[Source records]
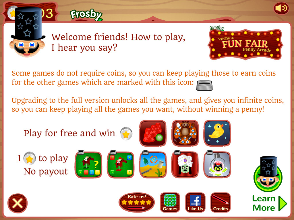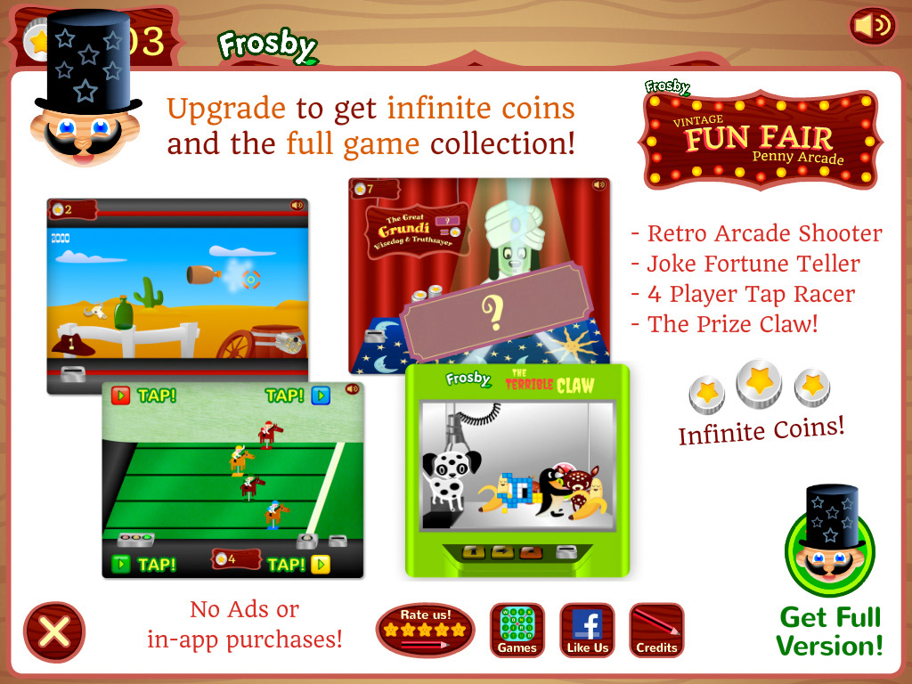 Frosby's Funfair Penny Arcade is a family games app celebrating the timeless fun and vintage style of funfairs and penny arcades. I designed the mini-games to look different in style, creating faded, worn-out backgrounds and nostalgic embellishments from funfairs and classic video games. I am very inspired by the coin operated wooden mechanical toys I saw as a child in London's Covent Garden, so I decided to translate this into digital form.
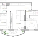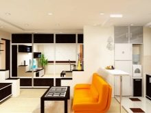 ميزة هذا الخيار هي أن الجمع بين منطقتين مهمتين سيؤدي إلى زيادة بصرية في المساحة. تنص الخطة على فصل غرفة المعيشة في المطبخ عن غرفة النوم باستخدام قسم محمول يقسم الغرفة إلى منطقتين وظيفيتين. يمكن أن تتسع منطقة النوم لسرير مزدوج وخزانة ملابس وحتى مكتب ويمكن تركيب أريكة قابلة للتحويل في غرفة المعيشة..
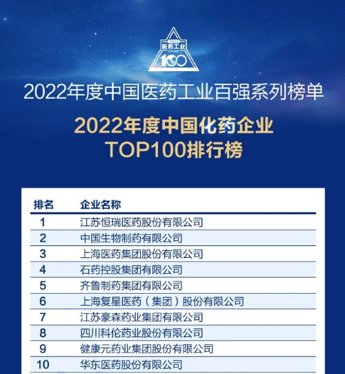 6月27日,由米内网主办的2023米思会(中国医药健康产业共生大会)发布了“2022年度中国医药工业百强系列榜单”。金年会金字招牌诚信至上医药再次凭借扎实的研发创新实力和稳健的市场运营能力,位列“中国化药企业TOP100排行榜”榜首,这是金年会金字招牌诚信至上医药连续5年蝉联该榜单榜首。
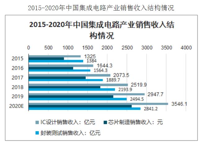 2019年我國IC設(shè)計(jì)產(chǎn)業(yè)規(guī)模為2947.7億元,芯片制造產(chǎn)業(yè)規(guī)模2149.1億元,封裝測(cè)試產(chǎn)業(yè)規(guī)模則為2494.5億元。預(yù)測(cè)2020年我國IC設(shè)計(jì)、芯片制造封裝測(cè)試產(chǎn)業(yè)規(guī)模分別達(dá)到3546.1億元、2623.5億元以及2841.2億元。
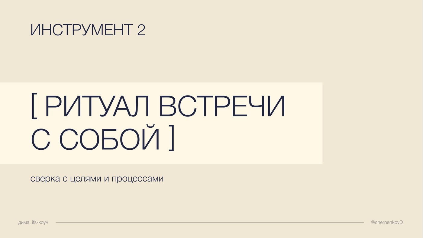 Главный совет, который я могу дать: сделать эту штуку регулярным и отдельным ритуалом. Это прям встреча. Просто встреча с собой. Возможно самая важная, которая у вас может быть. Ей нужно свое место в календаре, а еще лучше собственный определенный сетап: к примеру, я часто иду в одно и то же кафе за один и тот же столик.
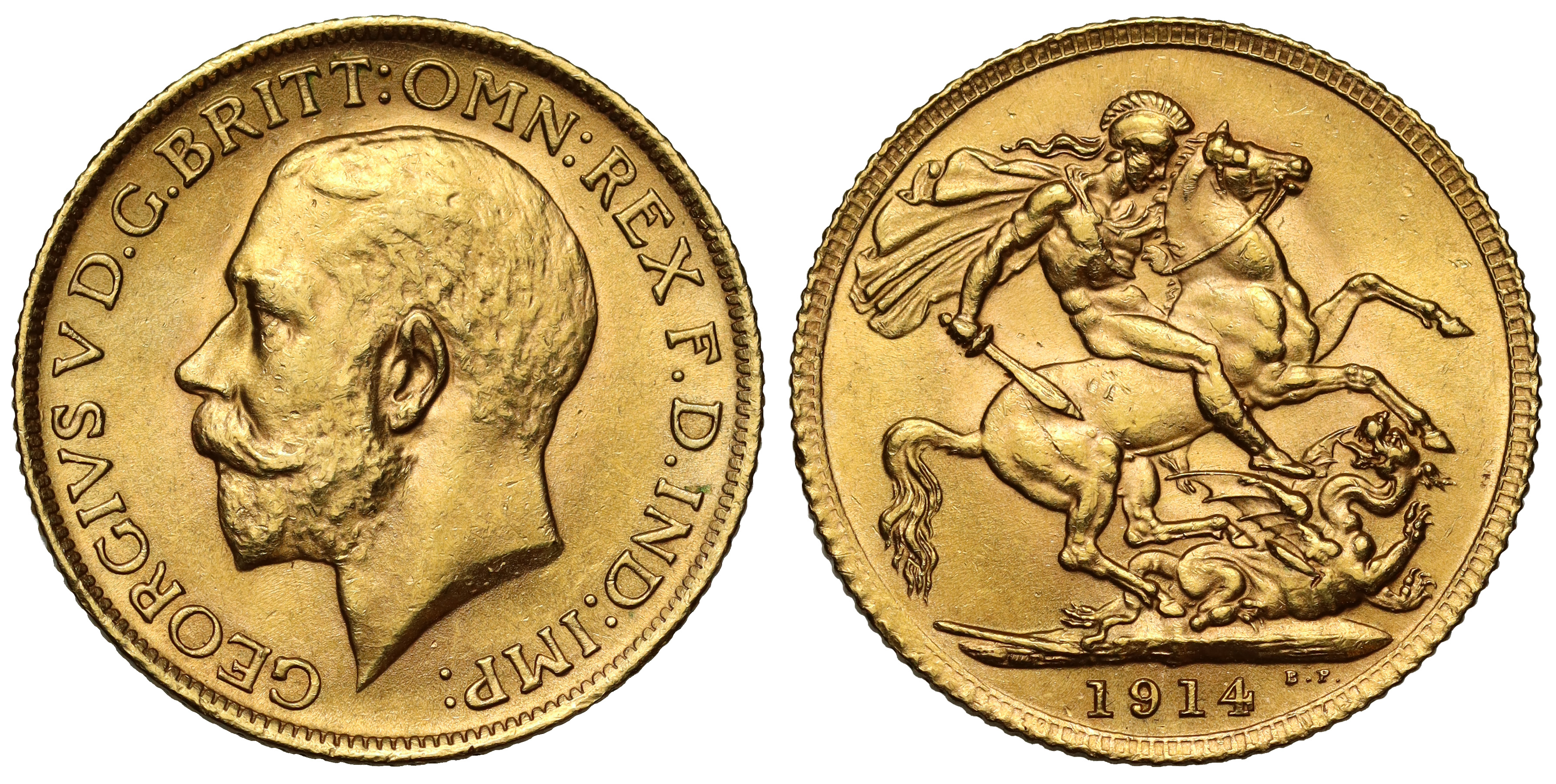 g George V (1910-36), gold Sovereign, 1914, bare head left, B.M. initials on truncation for engraver Bertram Mackennal, GEORGIVS V D.G. BRITT: OMN: REX F.D. IND: IMP:, rev. St George slaying the dragon right, date in exergue, B.P. initials to upper right of exergue for designer Benedetto Pistrucci, 7.98g (Bentley 360; Marsh 216; Bull EGC 1437; MCE 642; S.3996). Toned almost extremely fine.
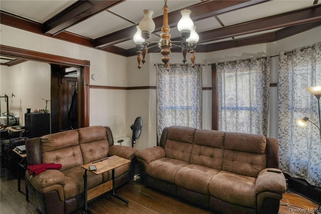 - Living room with beamed ceiling, a chandelier, and wood-type flooring
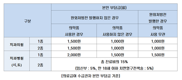 자격증을 따기 위해서 열심히 외웠던 표이다. 하지만 실제 임상에서 이 표를 보고 환자에게 본인부담금을 1,000원 또는 1,500원을 현금이나 카드로 징수해서는 안 된다.
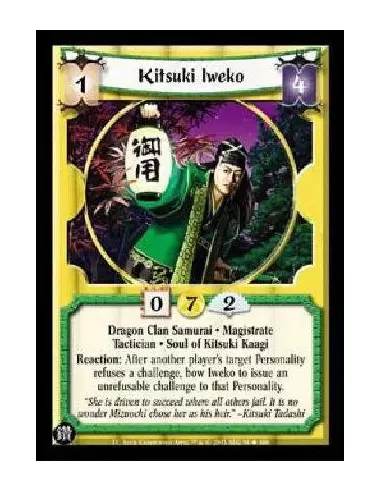 Dragon Clan Samurai . Magistrate Tactician . Soul of Kitsuki Kaagi Reaction: After another player's target Personality refuses a challenge, bow Iweko to issue an unrefusable challenge to that Personality.
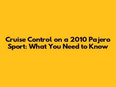Cruise Control On A 2010 Pajero Sport: What You Need To Know
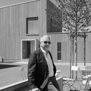 Jedes Mal, wenn Architekt Edwin Heinz früher aus dem Fenster blickte, konnte er ihn sehen: den alten Marienhof. Und im Laufe der Jahre konnte er auch sehen, dass der ehemalige Bauernhof immer mehr verfiel. Aus dem Gelände – stadtnah und dennoch in großzügiger Entfernung zur nächsten Bebauung – ließe sich doch etwas machen, dachte er sich. Mit neuem Leben auf dem alten Hof. So wurde zum Beispiel das Erdgeschoss des ehemaligen Stalls erhalten. Aber auch Anordnung, Formen und Materialien der neuen Wohngebäude nehmen heute Bezug auf die Geschichte des Gehöfts und bilden eine gestalterische Einheit: Heute besteht das neue Wohnquartier, das Edwin Heinz in einer Gruppe mit fünf weiteren Bauherren entwickelt hat, aus sechs Einfamilienhäusern, mit ihrem Kubus angelehnt an die früheren Wirtschaftsgebäude, und einen Haus mit zwei Wohnungen. Drei Häuser auf der Nordseite und der gegenüberliegende ehemalige Stall sind in Ost-West-Richtung angeordnet. Die drei Einfamilienhäuser auf der südlichen Grundstückshälfte sind in ihrer Ausrichtung um 90 Grad gedreht. So machen sie sich schmal, um den Nachbarn im Norden möglichst viel Sonnenlicht und Aussicht zu gönnen.
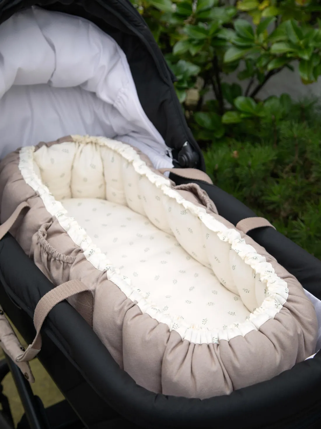 Con el nido para bebé 3 en 1, obtendrás un maravilloso nido para bebé, un capazo y una alfombra de juegos en un solo producto seguro y funcional. El nido para bebé está fabricado con materiales cuidadosamente seleccionados y probado según las normas europeas de seguridad para capazos y colchonetas de juego. Tiene asas que se bloquean entre sí para que no corras el riesgo de que se te caiga un asa cuando utilices el nido de bebé como capazo, así como dos prácticos bolsillos en los laterales para chupetes y otros objetos esenciales. El nido de bebé cabe en cochecitos y sillas de paseo, por lo que puede sustituir al capazo tradicional. Cuando los laterales están plegados, sirve como una amplia y mullida alfombra de juegos en la que también se puede cambiar al bebé si es necesario.

[Action item]:
What is needed is an exact retyping of the lines from the start of the data through the line with "Главный совет, который", with both end lines kept and every picture left out.

[Answer for the task]:
 Frosby's Funfair Penny Arcade is a family games app celebrating the timeless fun and vintage style of funfairs and penny arcades. I designed the mini-games to look different in style, creating faded, worn-out backgrounds and nostalgic embellishments from funfairs and classic video games. I am very inspired by the coin operated wooden mechanical toys I saw as a child in London's Covent Garden, so I decided to translate this into digital form.
 ميزة هذا الخيار هي أن الجمع بين منطقتين مهمتين سيؤدي إلى زيادة بصرية في المساحة. تنص الخطة على فصل غرفة المعيشة في المطبخ عن غرفة النوم باستخدام قسم محمول يقسم الغرفة إلى منطقتين وظيفيتين. يمكن أن تتسع منطقة النوم لسرير مزدوج وخزانة ملابس وحتى مكتب ويمكن تركيب أريكة قابلة للتحويل في غرفة المعيشة..
 6月27日,由米内网主办的2023米思会(中国医药健康产业共生大会)发布了“2022年度中国医药工业百强系列榜单”。金年会金字招牌诚信至上医药再次凭借扎实的研发创新实力和稳健的市场运营能力,位列“中国化药企业TOP100排行榜”榜首,这是金年会金字招牌诚信至上医药连续5年蝉联该榜单榜首。
 2019年我國IC設(shè)計(jì)產(chǎn)業(yè)規(guī)模為2947.7億元,芯片制造產(chǎn)業(yè)規(guī)模2149.1億元,封裝測(cè)試產(chǎn)業(yè)規(guī)模則為2494.5億元。預(yù)測(cè)2020年我國IC設(shè)計(jì)、芯片制造封裝測(cè)試產(chǎn)業(yè)規(guī)模分別達(dá)到3546.1億元、2623.5億元以及2841.2億元。
 Главный совет, который я могу дать: сделать эту штуку регулярным и отдельным ритуалом. Это прям встреча. Просто встреча с собой. Возможно самая важная, которая у вас может быть. Ей нужно свое место в календаре, а еще лучше собственный определенный сетап: к примеру, я часто иду в одно и то же кафе за один и тот же столик.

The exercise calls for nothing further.